The 5th SFAB is looking at whether it can use Starshield as a “redundant,” rather than a primary form of communication, Teague said.

“We have satellite communications that are organic to the SFAB already. But this just provides us another means, should we need it, again, to have that redundant level of communication.”

The 5th SFAB will experiment with four Starshield systems at the Joint Pacific Multinational Readiness Center in Hawaii at the end of October and then test them in the Indo-Pacific region, Teague said.

Like Starlink, Starshield uses low Earth orbit satellites to create a communications network. That could be useful if an adversary jams U.S. military communication systems that rely on satellites in different orbits, Teague said.

The Ukrainian military has heavily relied on Starlink, but Elon Musk, CEO of SpaceX, refused to let the Ukrainians use the network last year for a planned surprise attack on occupied Crimea.

SFAB
Members of the 5th Security Force Assistance Brigade train alongside Indian Army soldiers during the Yudh Abhyas exercise in Rajasthan, India, Feb. 9, 2021. (Staff Sgt. Joseph Tolliver/U.S. Army)

Teague said he is not concerned that SpaceX might decide to turn off the 5th SFAB’s Starshield communications.

“It’s paid for service and they’re paid to provide that service as long as we’re under contract with them,” Teague said.

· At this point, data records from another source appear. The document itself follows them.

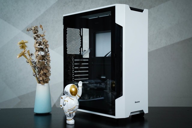 航嘉GX580H水冷版采用时尚的设计风格,机箱表面采用烤漆工艺带有些许磨砂质感。纯白的外观配合棱角分明的外形更显时尚,T形的黑色斜面和白色产生撞色美感,同时适合广大用户DIY装机,后期贴纸和更改配色也会更加容易。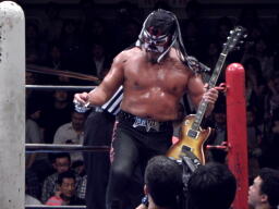 そして今日からANVILバージョンになったサスケがギター片手に入場(右写真)。
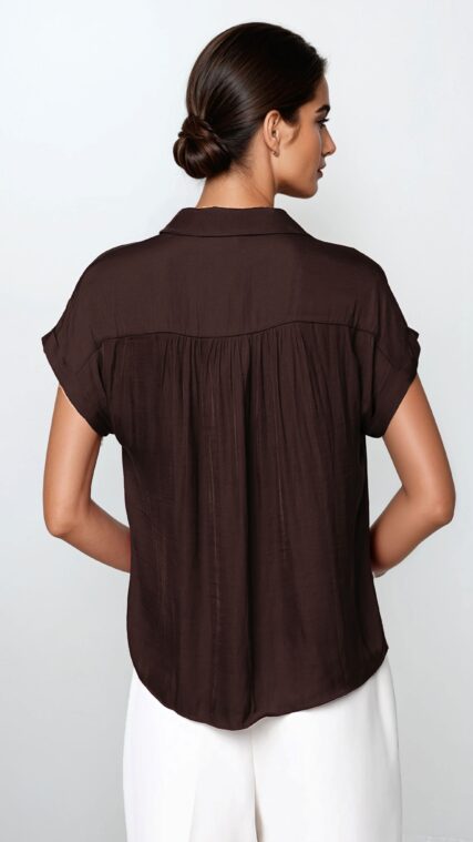 • Blusa botones manga corta Cafe LT10842Nuevo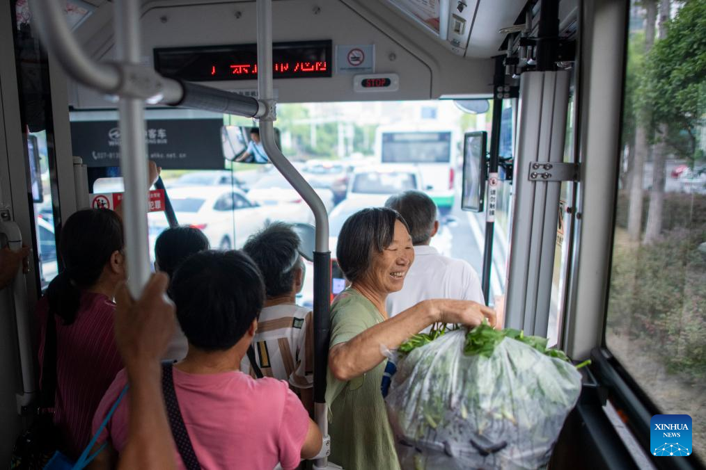 Farmers are pictured on a dedicated bus in Wuhan, central China's Hubei Province, Sept. 3, 2024. (Xinhua/Wu Zhizun)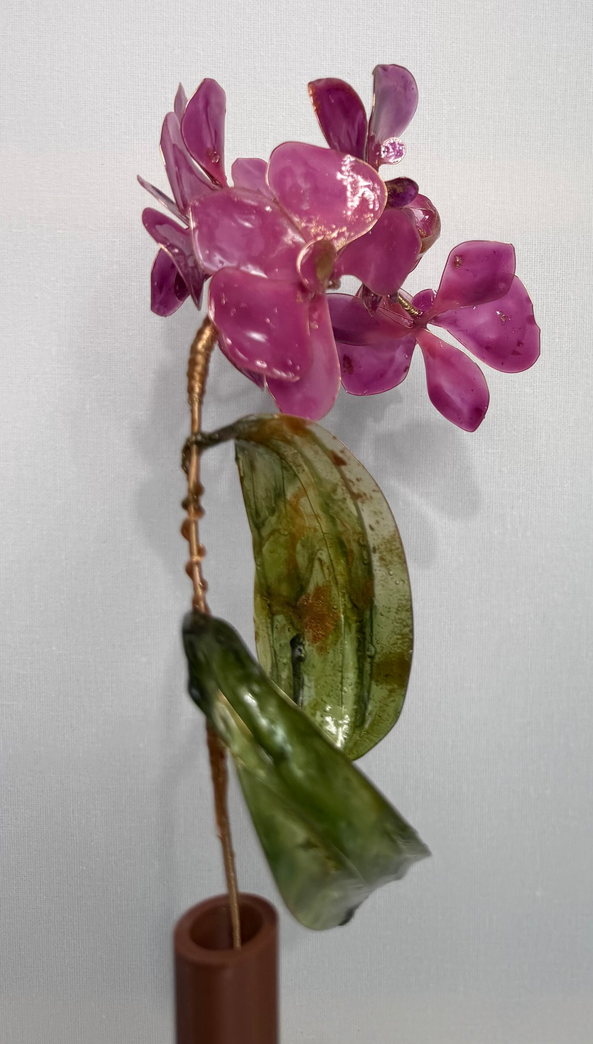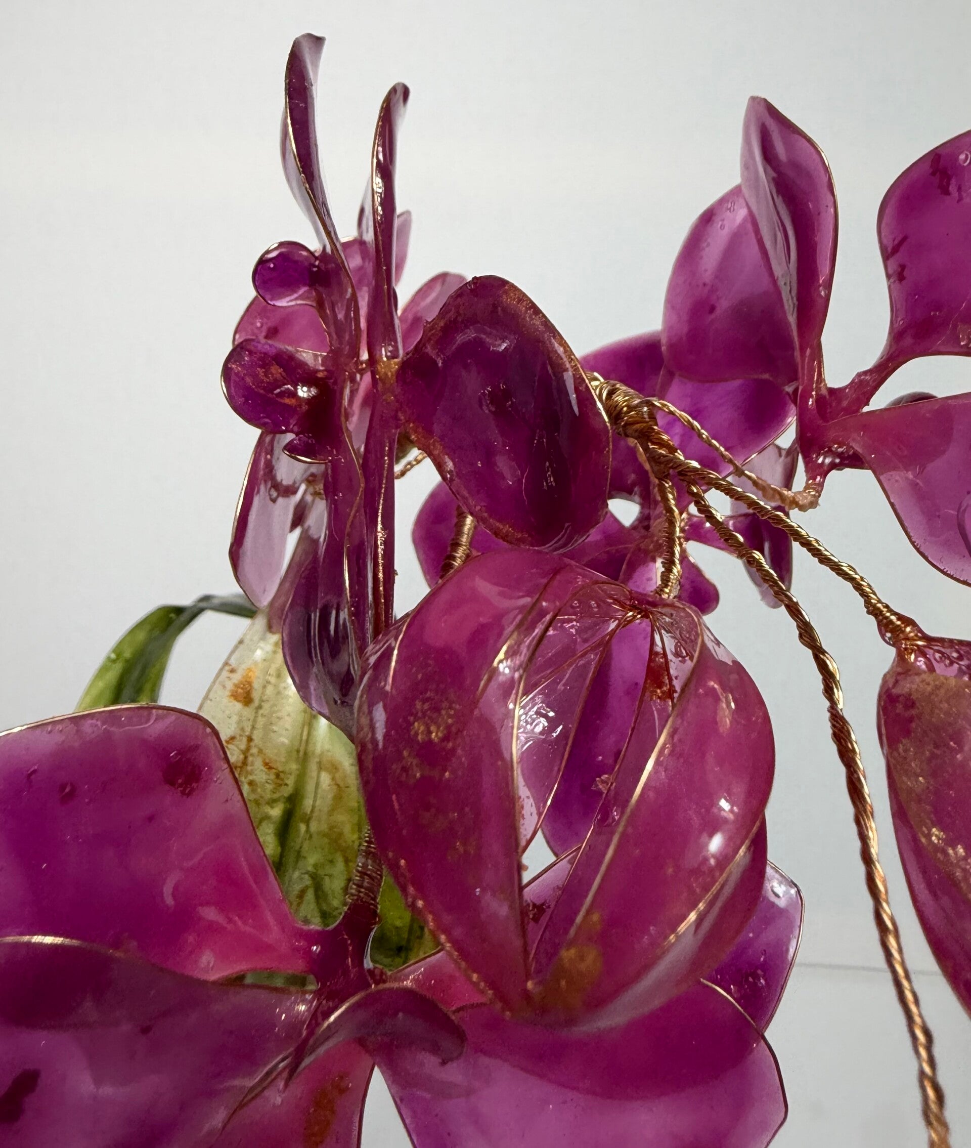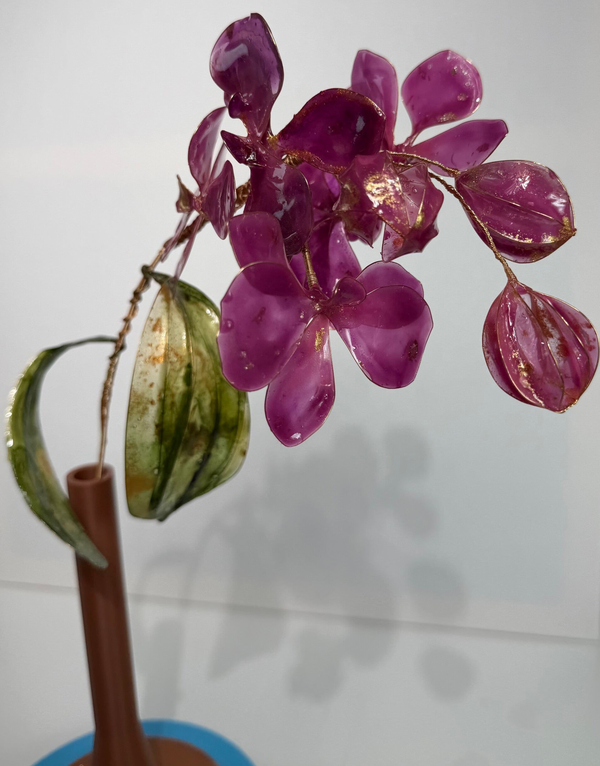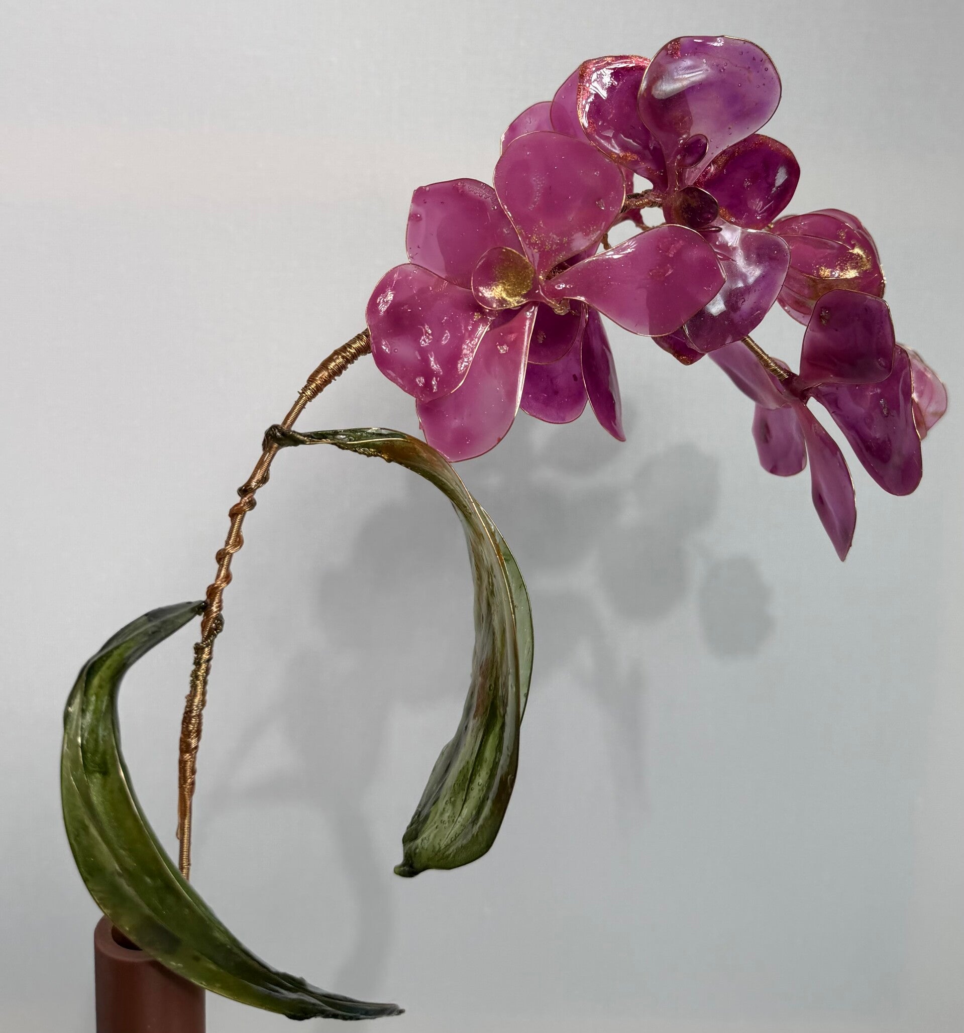 Eine kunstvoll gefertigte Einzelblüte aus Epoxidharz, sorgfältig von Hand auf einer feinen Drahtstruktur gestaltet. Die klare Formensprache und die edle Farbgebung verleihen diesem Unikat eine besondere Leichtigkeit und Eleganz.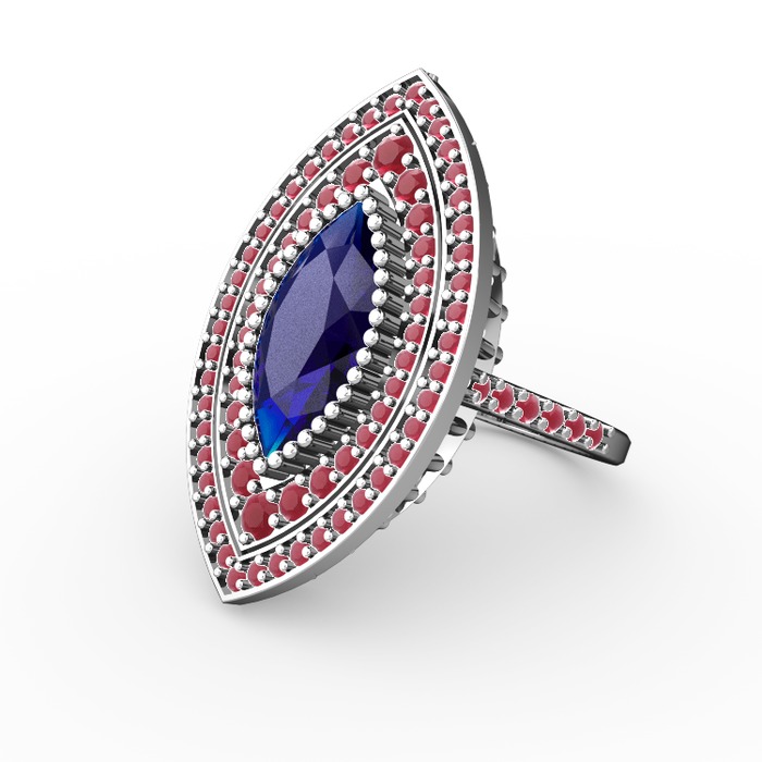 Lab safir ve kök yakut 18 ayar beyaz altın yüzük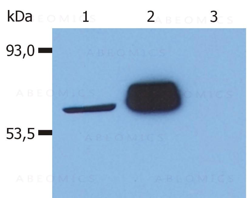 Figure 1:Western Blotting analysis (reducing conditions) of human Lck in whole cell lysate using anti-human Lck (LCK-01). Lane 1: J. CaM-1.6 cell line (a mutant derivate of the JURKAT cell line) transfected with Lck. Lane 2: HEK-293T cell line transfected with Lck. Lane 3: HEK-293T cell line (non-transfected)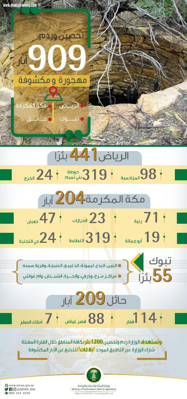 كشفت وزارة البيئة والمياه والزراعة عن تحصينها وردمها لعدد 909 بئرًا مهجورًا في مناطق الرياض، ومكة المكرمة، وتبوك، وحائل، بالتنسيق مع اللجان المشتركة في الجهات ذات العلاقة، وذلك للحفاظ على سلامة الأرواح والممتلكات، والحد من تلوث طبقات المياه الجوفية.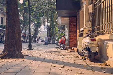 A street at sunset in the city of Hanoi, motorbikes stand on the sidewalk and mopeds pass along the road, the warm sun shines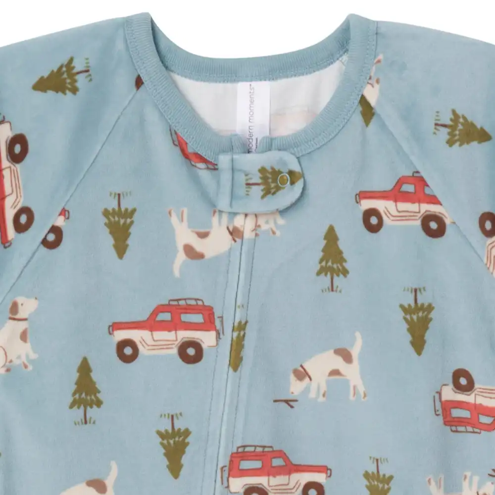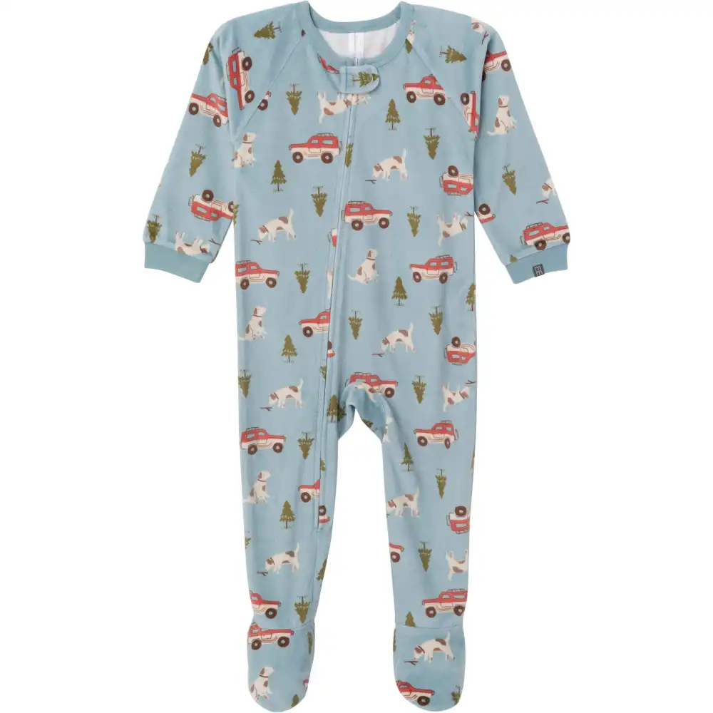 Infant and Toddler Boys Blue Camp Footed Fleece Pajamas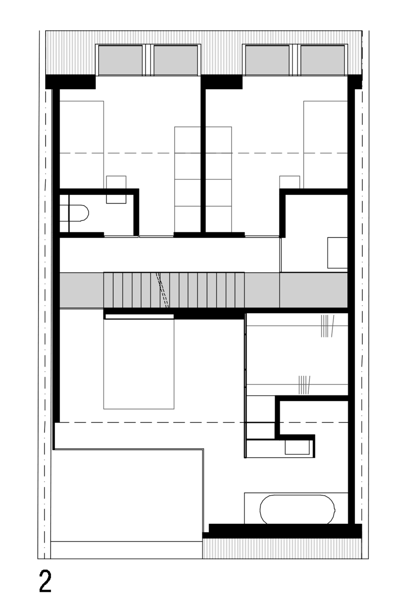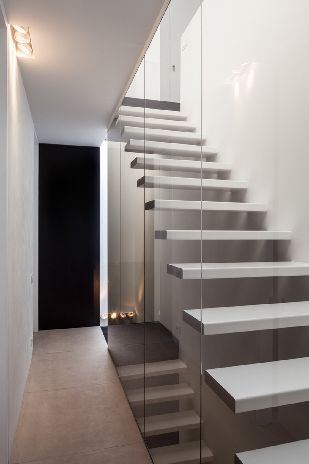 Interior highlights include a metal staircase that is bathed in natural light thanks to a light shaft.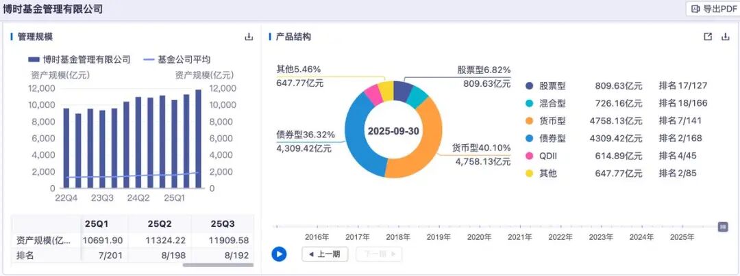 博時(shí)基金管理規(guī)模達(dá)1.19萬(wàn)億元,公募市場(chǎng)排名第8,產(chǎn)品端以固收類為主,債券型和貨幣型基金規(guī)模占比超過(guò)76%。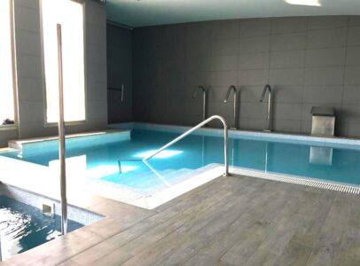 The residential complex offers excellent communal facilities, including an outdoor swimming pool surrounded by green areas, an indoor heated pool for year-round enjoyment, a fully equipped gym, a sauna, and a wellness area for relaxation.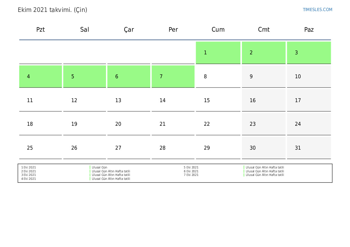 5 Eki 2021 Ulusal Gün Altın Hafta tatili

The Army currently has five active-duty SFABs and one National Guard unit. Army officials developed the SFAB concept during the Afghanistan War, and one of the first controversies involving the new unit was what color SFAB berets should be.

After a picture was posted online in 2017 showing a green beret that SFAB soldiers were supposedly intended to wear, the Army decided the following year to issue SFAB soldiers brown berets.

Since the 1st Security Force Assistance Brigade deployed to Afghanistan in March 2018, SFAB soldiers have deployed all over the world including to countries in Africa, Latin America, and the Indo-Pacific.

But SFABs have also received a lot of negative press this year. Army Col. Jonathan Chung was fired as commander of the 5th SFAB in June after being suspended earlier in the year over allegations that he was a toxic leader.

An internal Army investigation found that Chung’s replacement, Col. Tony Braxton, had violated temporary duty rules by keeping soldiers away from home for more than 180 days without extra pay, according to Military.com. 

Braxton was eventually disciplined and reprimanded, said Sgt. 1st Class Adrian Patoka, a spokesman for Security Force Assistance Command.

Col. Meghann Sullivan, commander of the 5th Brigade Engineer Battalion, 5th SFAB, was also accused of misconduct, including forcefully kissing a subordinate, Military.com reported. The investigation into the allegations against Sullivan is ongoing, Patoka told Task & Purpose on Monday.

Despite the end of the war in Afghanistan, the need for SFABs has not gone away, Army officials said on Monday. In fact, combatant commands asked for SFAB assistance more than 500 times last year, but the Army could fill a fraction of those requests, Teague said.  

“We will always have partners,” said Col. Brian Ducote, commander of the 1st SFAB, which is focused on Latin and South America. “We need to build strong partnerships and relationships in order to be effective as a fighting force. As long as that’s our approach as a nation, we will always have a need for the SFAB in conflict and in competition.”